Only the lines below from the one containing "网上好多车友是放这里的,可以" through the one containing "- Smith, E.E.;" belong in the answer, set down exactly, with the pictures left out.

## Supplied data
════════════════════
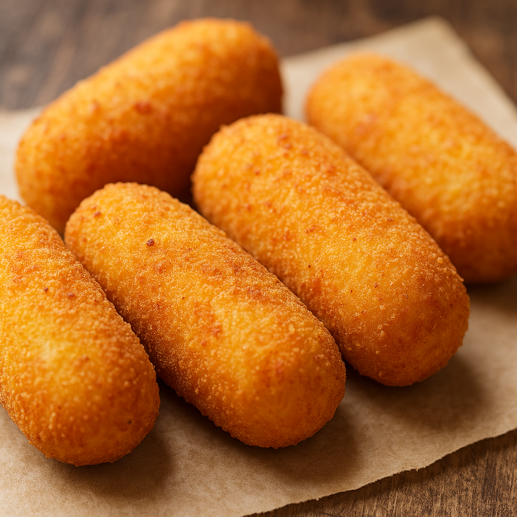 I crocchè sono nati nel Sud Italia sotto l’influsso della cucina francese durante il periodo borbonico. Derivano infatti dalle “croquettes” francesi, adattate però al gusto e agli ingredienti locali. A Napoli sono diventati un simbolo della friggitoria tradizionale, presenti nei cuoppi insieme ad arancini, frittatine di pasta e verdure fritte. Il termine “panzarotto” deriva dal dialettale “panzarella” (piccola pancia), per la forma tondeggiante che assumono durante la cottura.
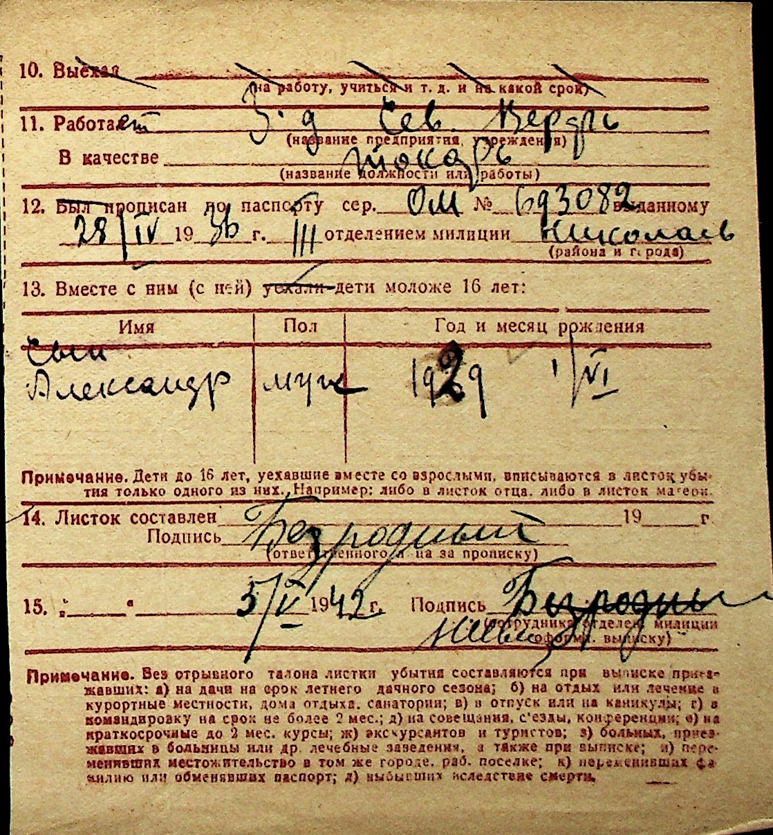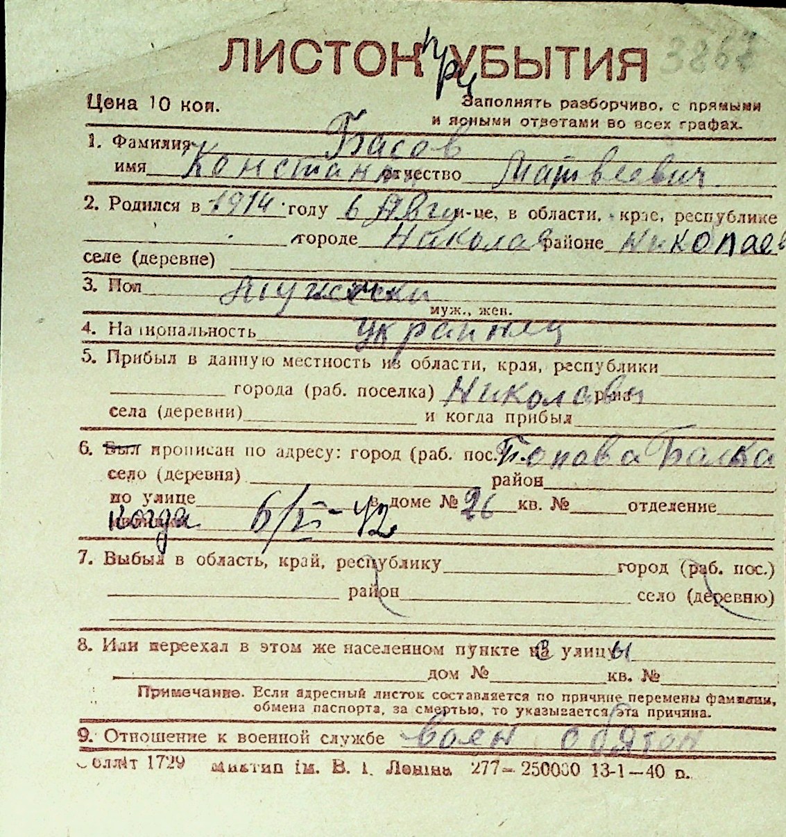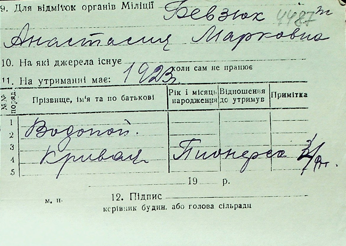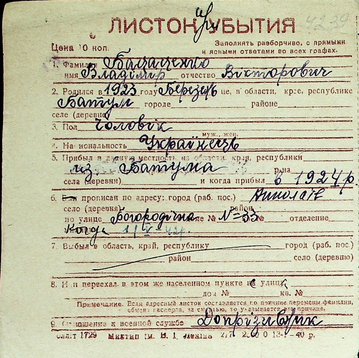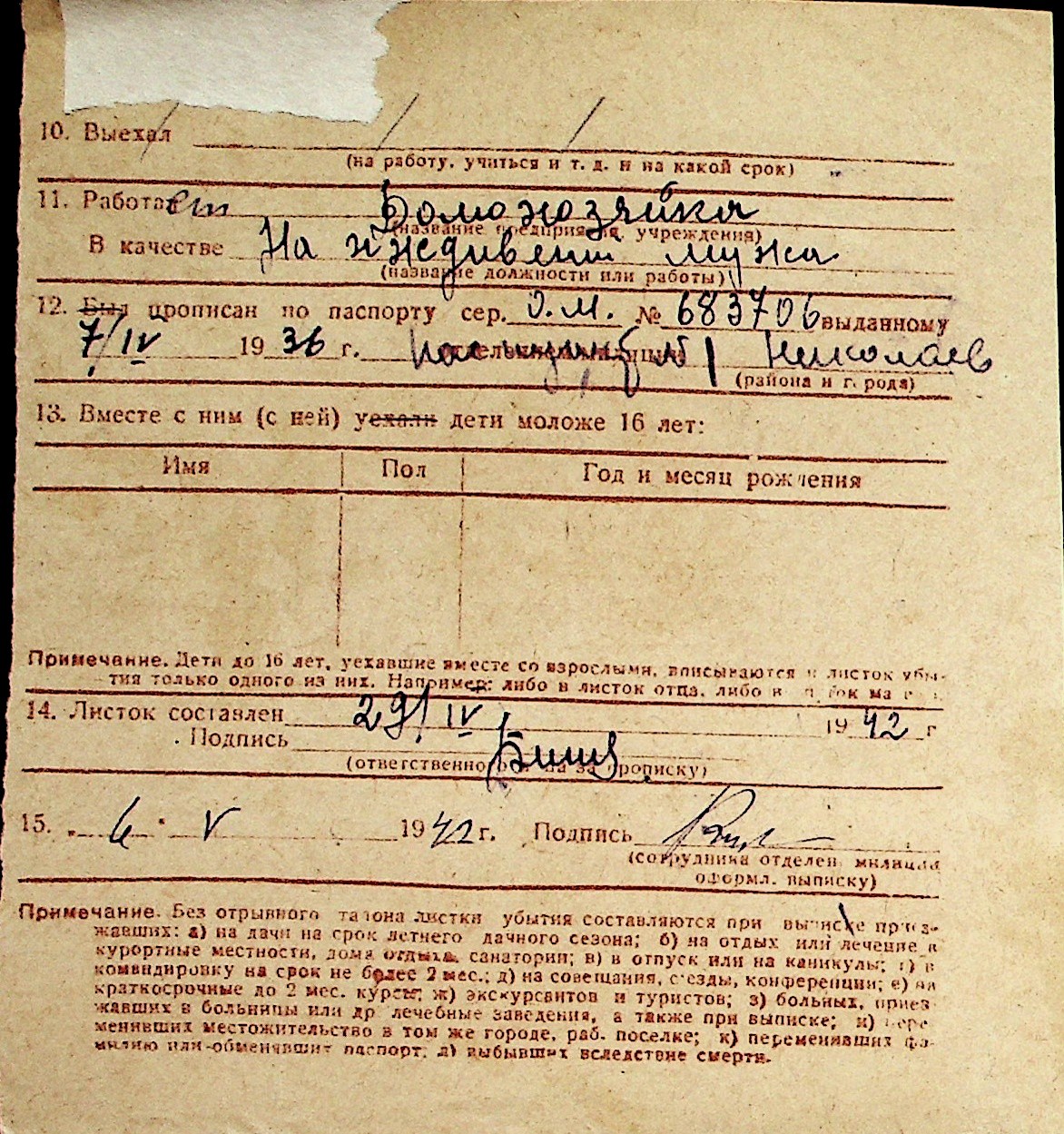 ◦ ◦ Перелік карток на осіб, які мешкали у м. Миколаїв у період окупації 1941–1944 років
════════════════════
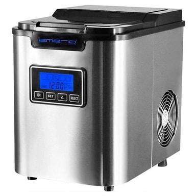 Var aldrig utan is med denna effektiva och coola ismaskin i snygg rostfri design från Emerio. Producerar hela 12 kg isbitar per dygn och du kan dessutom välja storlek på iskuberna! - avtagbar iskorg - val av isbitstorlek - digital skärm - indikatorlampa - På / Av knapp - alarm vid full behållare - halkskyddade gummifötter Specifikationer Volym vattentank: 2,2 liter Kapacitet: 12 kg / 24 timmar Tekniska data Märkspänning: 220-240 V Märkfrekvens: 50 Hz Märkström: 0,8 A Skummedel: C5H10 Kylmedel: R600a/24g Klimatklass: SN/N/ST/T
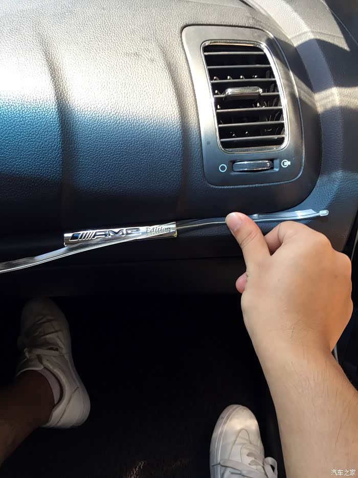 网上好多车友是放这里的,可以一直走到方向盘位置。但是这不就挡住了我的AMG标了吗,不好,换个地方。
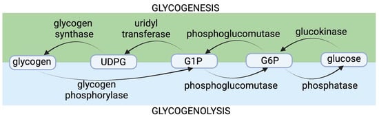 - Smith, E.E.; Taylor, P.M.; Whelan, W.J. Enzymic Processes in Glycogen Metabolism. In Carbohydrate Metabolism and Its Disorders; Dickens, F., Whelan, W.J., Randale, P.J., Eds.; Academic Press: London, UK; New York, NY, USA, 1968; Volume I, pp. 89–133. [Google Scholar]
════════════════════
## Response for this exercise
 网上好多车友是放这里的,可以一直走到方向盘位置。但是这不就挡住了我的AMG标了吗,不好,换个地方。
 - Smith, E.E.; Taylor, P.M.; Whelan, W.J. Enzymic Processes in Glycogen Metabolism. In Carbohydrate Metabolism and Its Disorders; Dickens, F., Whelan, W.J., Randale, P.J., Eds.; Academic Press: London, UK; New York, NY, USA, 1968; Volume I, pp. 89–133. [Google Scholar]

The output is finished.